* [What to do]:
Full transcription, minus images: write out the listing below exactly as it appears.

=== Information supplied ===

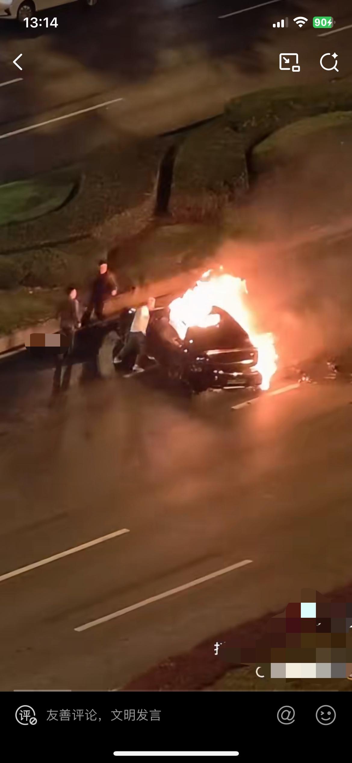 看到视频,几个壮汉在外面使劲拉门把手都没有办法把这个车门打开,然后他们砸玻璃也没有砸烂,有照片显示一位大哥的手都在滴血,那是他在砸玻璃时弄伤的,可见他是多么用力的在救人了,可惜的是最终因为火势太大而车门打不开而救援失败,眼睁睁的看着车主葬身火海,不知道车里面的司机是因为撞击被震晕了还是受伤了开不了门,就这样活活被大火吞噬了,这样子真是太痛苦了! 如果司机是清醒着的,在车里面开门,不管是用电子还是机械的方式,总有办法能打开门的,只要打开了车门,外面几个人马上就可以把他救出来的,但是车里面落锁后,想从外面打开门太难了,短时间内没有趁手的工具来破门或者砸烂玻璃,火大了,谁也没有办法救了。 总之,不管是传统燃油车还是新能源车,车辆做的多智能多豪华,行车安全还是应该放在第一位的。
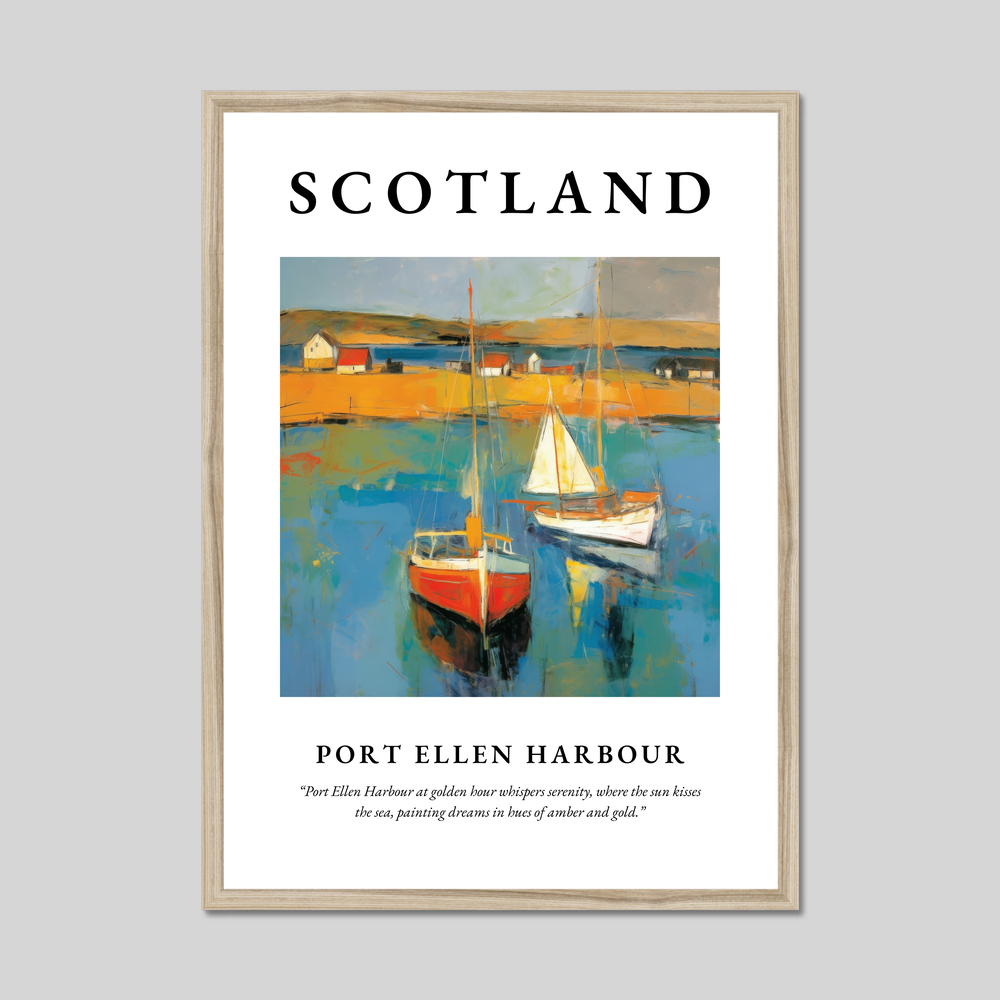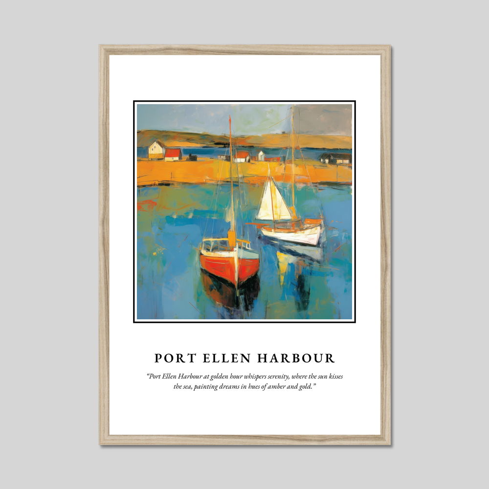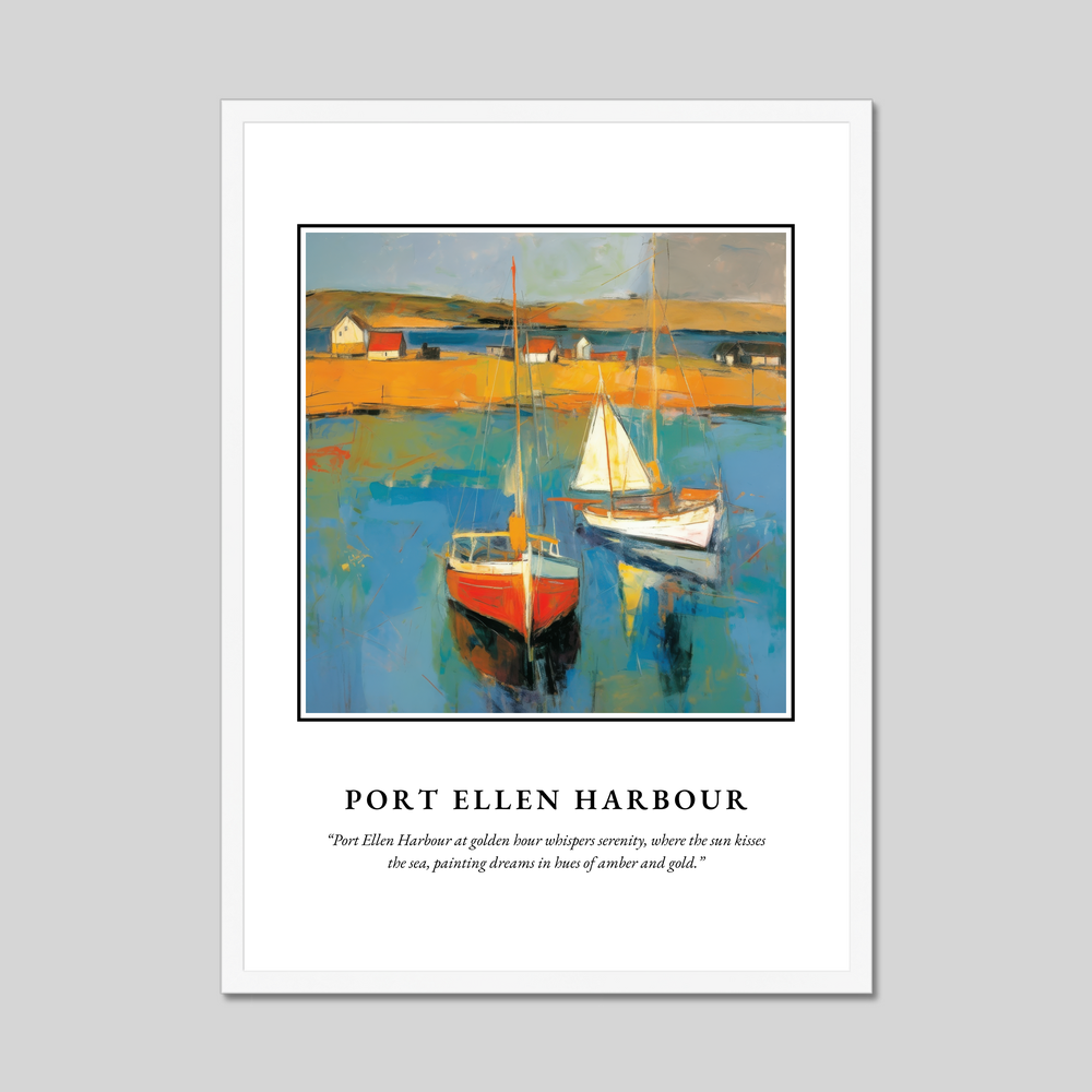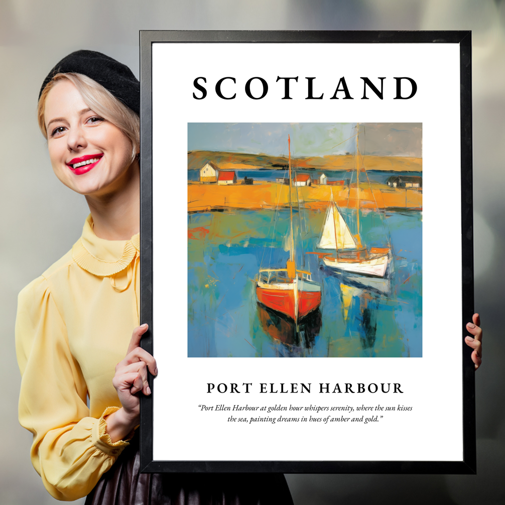 Beneath the painting, the words “Port Ellen Harbour at golden hour whispers serenity, where the sun kisses the sea, painting dreams in hues of amber and gold” encapsulate the ethereal beauty of this Scottish treasure. This print is more than a mere depiction; it’s a portal for those who hold the harbour dear, whether through cherished memories or a love for Abstract Impressionism.
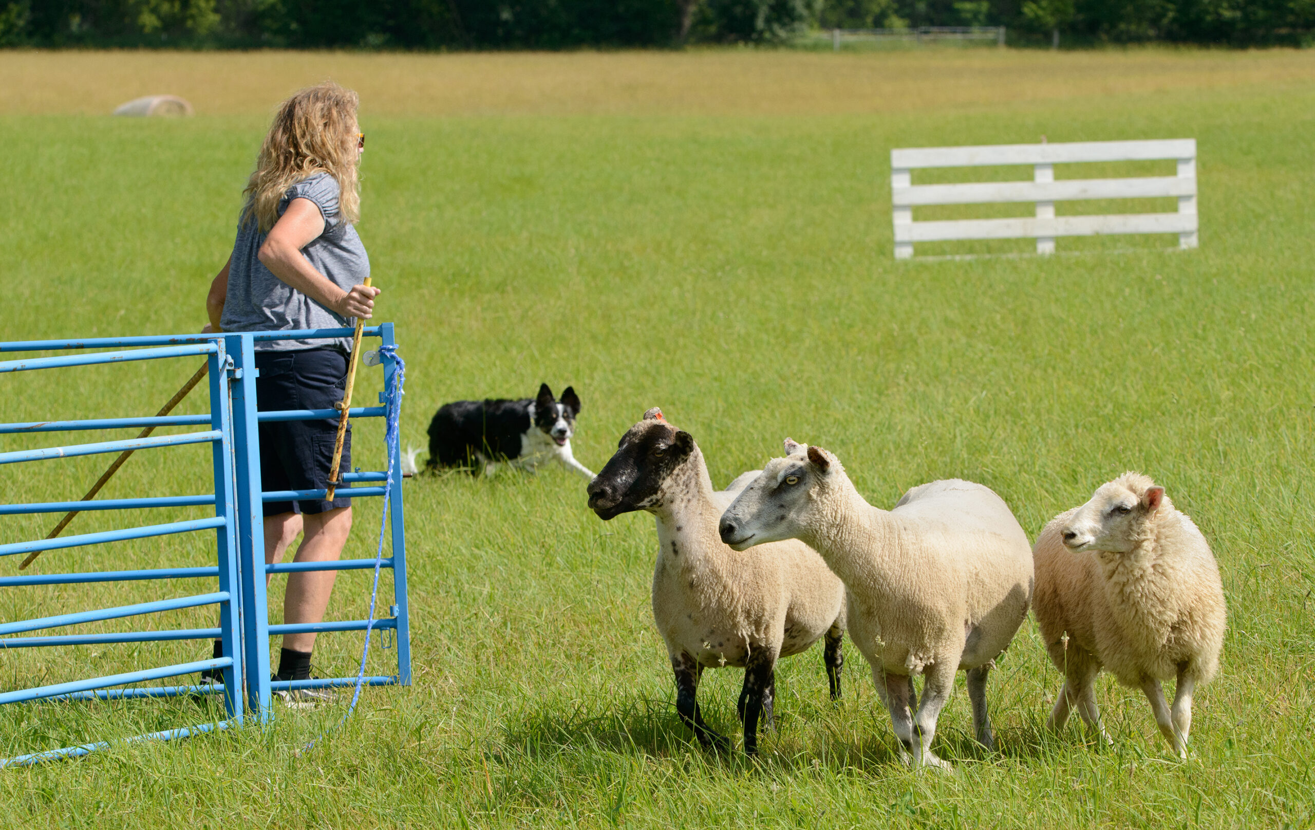 This is one Trial competitor, Kristin Reinke Livingston penning the ewes at a Novice trial in Wisconsin.

===

* [Your response]:
 看到视频,几个壮汉在外面使劲拉门把手都没有办法把这个车门打开,然后他们砸玻璃也没有砸烂,有照片显示一位大哥的手都在滴血,那是他在砸玻璃时弄伤的,可见他是多么用力的在救人了,可惜的是最终因为火势太大而车门打不开而救援失败,眼睁睁的看着车主葬身火海,不知道车里面的司机是因为撞击被震晕了还是受伤了开不了门,就这样活活被大火吞噬了,这样子真是太痛苦了! 如果司机是清醒着的,在车里面开门,不管是用电子还是机械的方式,总有办法能打开门的,只要打开了车门,外面几个人马上就可以把他救出来的,但是车里面落锁后,想从外面打开门太难了,短时间内没有趁手的工具来破门或者砸烂玻璃,火大了,谁也没有办法救了。 总之,不管是传统燃油车还是新能源车,车辆做的多智能多豪华,行车安全还是应该放在第一位的。
 Beneath the painting, the words “Port Ellen Harbour at golden hour whispers serenity, where the sun kisses the sea, painting dreams in hues of amber and gold” encapsulate the ethereal beauty of this Scottish treasure. This print is more than a mere depiction; it’s a portal for those who hold the harbour dear, whether through cherished memories or a love for Abstract Impressionism.
 This is one Trial competitor, Kristin Reinke Livingston penning the ewes at a Novice trial in Wisconsin.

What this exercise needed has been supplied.